A Multimodal Recaptioning Framework to Account for Perceptual Diversity Across Languages in Vision-Language Modeling
Buettner, Kyle, Emmerson, Jacob T., Kovashka, Adriana
When captioning an image, people describe objects in diverse ways, such as by using different terms and/or including details that are perceptually noteworthy to them. Descriptions can be especially unique across languages and cultures. Modern vision-language models (VLMs) gain understanding of images with text in different languages often through training on machine translations of English captions. However, this process relies on input content written from the perception of English speakers, leading to a perceptual bias. In this work, we outline a framework to address this bias.
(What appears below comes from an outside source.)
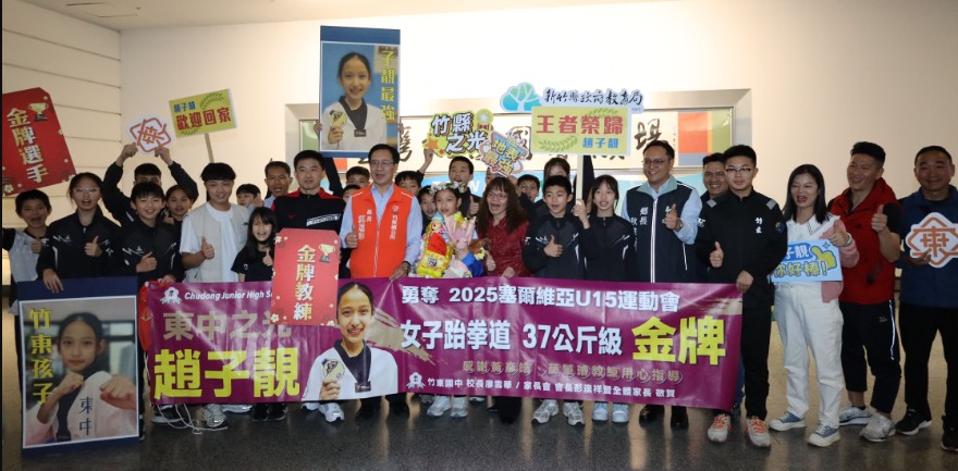 2025年世界中學生U15運動會跆拳道代表團凱旋歸國,新竹縣國手趙子靚昨(15)日晚間抵達國門,新竹縣長楊文科與選手教練及親友團一同熱情接機,為趙子靚初登國際賽即摘下金牌喝采,並安排2004年雅典奧運跆拳道金牌國手陳詩欣驚喜現身給予鼓勵,趙子靚哽咽表示「感謝所有支持她的人,她會繼續努力!」。
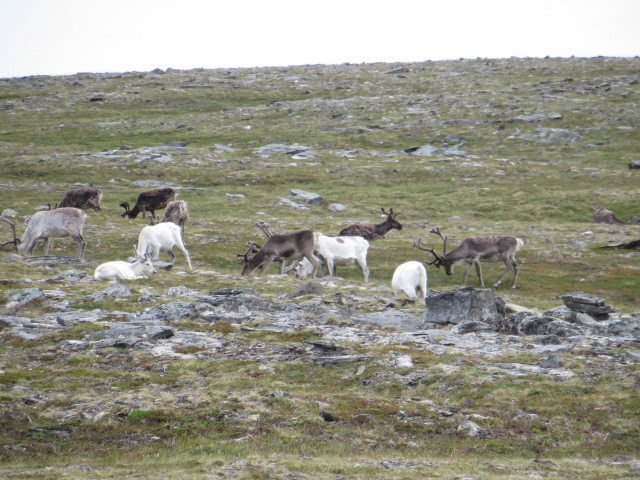 Geschafft – im doppelten Wortsinn. 18.48 km in 6:32 mit 1:30 Pause am Knivskjellodden. Auf dem Hinweg haben wir schönes Wetter gehabt und uns Zeit gelassen. Sabine hat ihr Rentiere vor die Linse bekommen und ich habe die grandiose Landschaft bewundert. Zuerst sind wir keinen anderen Wanderern begegnet, später wurden es mehr. Viele waren wie wir mit Rucksack unterwegs, aber einige hatten nur ihren Fotoapparat dabei – keine weiteren Kleider und nichts zu trinken. Sehr leichtsinnig in einer Gegend, die für einen schnellen Wetterwechsel bekannt ist. Auf dem Rückweg hatten wir dann Gegenwind und Regen – nicht so angenehm und wir waren entsprechend schneller wieder zurück. Auf dem Weg haben wir ein älteres Ehepaar aus Sinsheim überholt. Da wir auf dem Wanderparkplatz noch zwei Stunden auf unseren Bus hätten warten müssen, habe ich sie gefragt, ob sie uns zum Nordkap mitnehmen könnten. Sie konnten und haben uns noch von der Webcam am Nordkap erzählt. Diese dreht sich alle 15 Minuten um 360 Grad und macht eine Rundumaufnahme. Nach einer frisch gebackenen Waffel mit Creme und Erdbeer-Marmelade sowie einem Pot Kaffee haben wir uns dann für die 20:15 Uhr Aufnahme an die Kugel gestellt. Bei der Kontrolle haben wir festgestellt, dass wir zwar zu sehen sind, aber die Kugel zu weit von der Cam entfernt ist um etwas erkennen zu können. Also haben wir uns einen näheren Punkt ausgesucht und es beim 20:30 Uhr Durchgang nochmal probiert. Wer sich das Ergebnis anschauen möchte findet die Aufnahmen unter https://nordkapp.livecam360.com.

We specifically use a small amount of native speaker data, nearest-neighbor example guidance, and multimodal LLM reasoning to augment captions to better reflect descriptions in a target language. When adding the resulting rewrites to multilingual CLIP finetuning, we improve on German and Japanese text-image retrieval case studies (up to +3.5 mean recall, +4.4 on native vs. translation errors). We also propose a mechanism to build understanding of object description variation across languages, and offer insights into cross-dataset and cross-language generalization.